You are given a sequence of n integers a₁ , a₂ , ... , a_n in non-decreasing order. In addition to that, you are given several queries consisting of indices i and j (1 ≤ i ≤ j ≤ n). For each query, determine the most frequent value among the integers a_i , ... , a_j.

Input

The input consists of several test cases. Each test case starts with a line containing two integers n and q (1 ≤ n, q ≤ 100000). The next line contains n integers a₁ , ... , a_n (-100000 ≤ a_i ≤ 100000, for each i ∈ {1, ..., n}) separated by spaces.
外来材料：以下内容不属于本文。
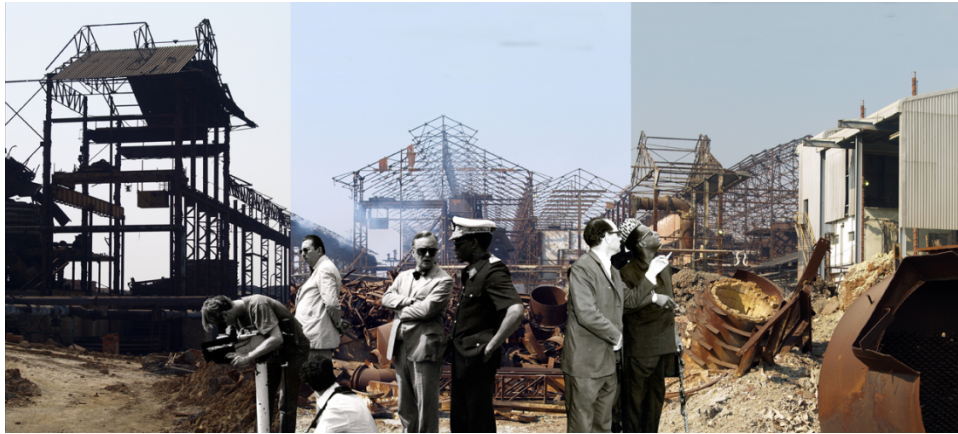
Figure 5: Sammy Baloji, Untitled #25, (2006)

Baloji's focus on history and storytelling is in direct opposition to the media's coverage with its images of Africa which typically switch between rapturous narratives of development, or stereotypical images of inexorable conflict and political corruption. His attentiveness towards the continuing legacy of colonisation eschews these insidious narratives.

You can assume that for each i ∈ {1, ..., n-1}: a_i ≤ a_i+1. The following q lines contain one query each, consisting of two integers i and j (1 ≤ i ≤ j ≤ n), which indicate the boundary indices for the
query.

The last test case is followed by a line containing a single 0.

Output

For each query, print one line with one integer: The number of occurrences of the most frequent value within the given range.

Sample Input

10 3
-1 -1 1 1 1 1 3 10 10 10
2 3
1 10
5 10
0

Sample Output

1
4
3

思路：计算区间的相同个数，然后定个左右边界点，外加一个简单的RMQ。

#include<iostream>
#include<cstring>
#include<cstdio>
#define FOR(i,a,b) for(int i=a;i<=b;++i)
#define clr(f,z) memset(f,z,sizeof(f))
#define ll(x) (1<<x)
using namespace std;
const int mm=100000+9;
int N,Q;
int f[mm],L[mm],R[mm];
int rmq[mm][33],bit[mm];
void initRMQ()
{
  bit[0]=-1;
  FOR(i,1,mm-1)bit[i]=(i&(i-1))==0?bit[i-1]+1:bit[i-1];
  FOR(i,1,N)rmq[i][0]=f[i];
  FOR(i,1,bit[N])
  for(int j=1;j+ll(i)-1<=N;++j)
    rmq[j][i]=max(rmq[j][i-1],rmq[j+ll(i-1)][i-1]);
}
int RMQ(int l,int r)
{ if(l>r)return 0;
  int t=bit[r-l+1];
  r-=ll(t)-1;
  return max(rmq[l][t],rmq[r][t]);
}
int main()
{ int a,b;
  while(scanf("%d",&N)&&N)
  { scanf("%d",&Q);
    f[0]=mm;f[N+1]=mm;
    FOR(i,1,N)
    {
      scanf("%d",&f[i]);
    }
    int z=0,zs=f[1],kai=1;
    FOR(i,1,N+1)
    {
      if(f[i]!=zs)
        {
          for(int j=i-1;f[j]==zs;--j)
            f[j]=z,L[j]=kai,R[j]=i-1;
          kai=i;z=1;zs=f[i];
        }
       else ++z;
    }
    initRMQ();
    while(Q--)
    {
     scanf("%d%d",&a,&b);
     int ans;
     if(R[a]>L[b])ans=b-a+1;
     else
     ans=max(R[a]-a+1,b-L[b]+1);
     ans=max(ans,RMQ(R[a]+1,L[b]-1));
     printf("%d\n",ans);
    }
  }
}